The functional relevance of variants refers to their biological role for promoting disease phenotypes.
This analysis informs patient stratification to clinical trials in which the functional variants in qualifying genes should be prioritized (such as FGFR3 “activating mutations” or BRCA1/2 “loss-of-function”) and the need for genetic counseling referral (in case that loss-of-function/pathogenic variants in cancer-predisposing genes are observed).
The predictive relevance analysis matches functionally relevant variants to biomarkers of disease diagnosis, prognosis and drug response reported at present. Besides on-label prescribing, this informs off-label and investigational drug opportunities that could be considered according to current knowledge.

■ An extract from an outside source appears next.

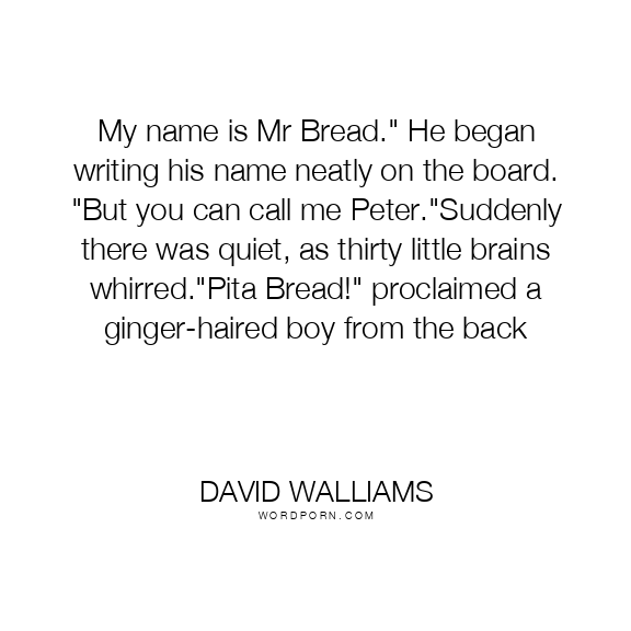 My name is Mr Bread." He began writing his name neatly on the board. "But you can call me Peter."Suddenly there was quiet, as thirty little brains whirred."Pita Bread!" proclaimed a ginger-haired boy from the back
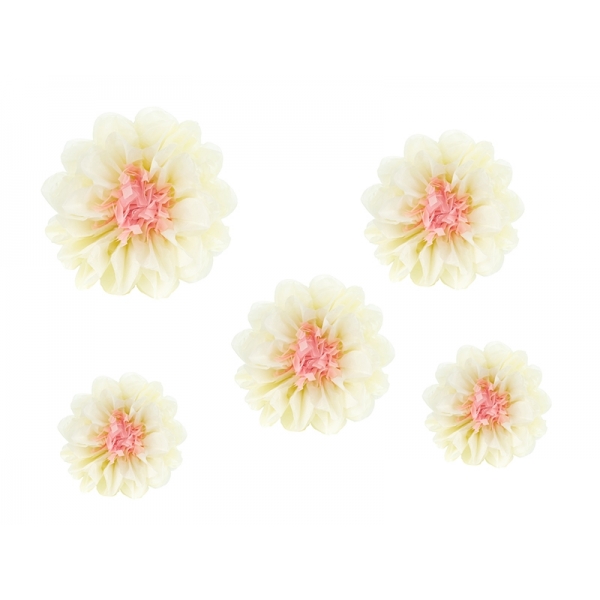 Papīra dekorācijas Ziedi, krēma krāsā, 5 gab., 30-20 cm.

Two interactive reports in HTML (exportable to PDF) are provided. The first report classifies the variants according to their functional relevance in a summary view. In addition, a detailed view with further information per gene and variant is also provided. The second report classifies the predictive relevance of the detected biomarkers in cancer prognosis, diagnosis and drug response according to current knowledge.
All the annotation details supporting the variant classification (including the access to the original source(s)) as well as a version control of the employed resources are included to empower a critical review of the results.
The MTBP uses a comprehensive set of expert curated databases collecting clinical and preclinical knowledge associated to genomic events (such as their role in disease pathogenicity or anti-cancer drugs response). Assertions supported by lower quality data (e.g. not well-powered studies) and/or without consensus are not used to classify the variants (but provided as additional descriptives).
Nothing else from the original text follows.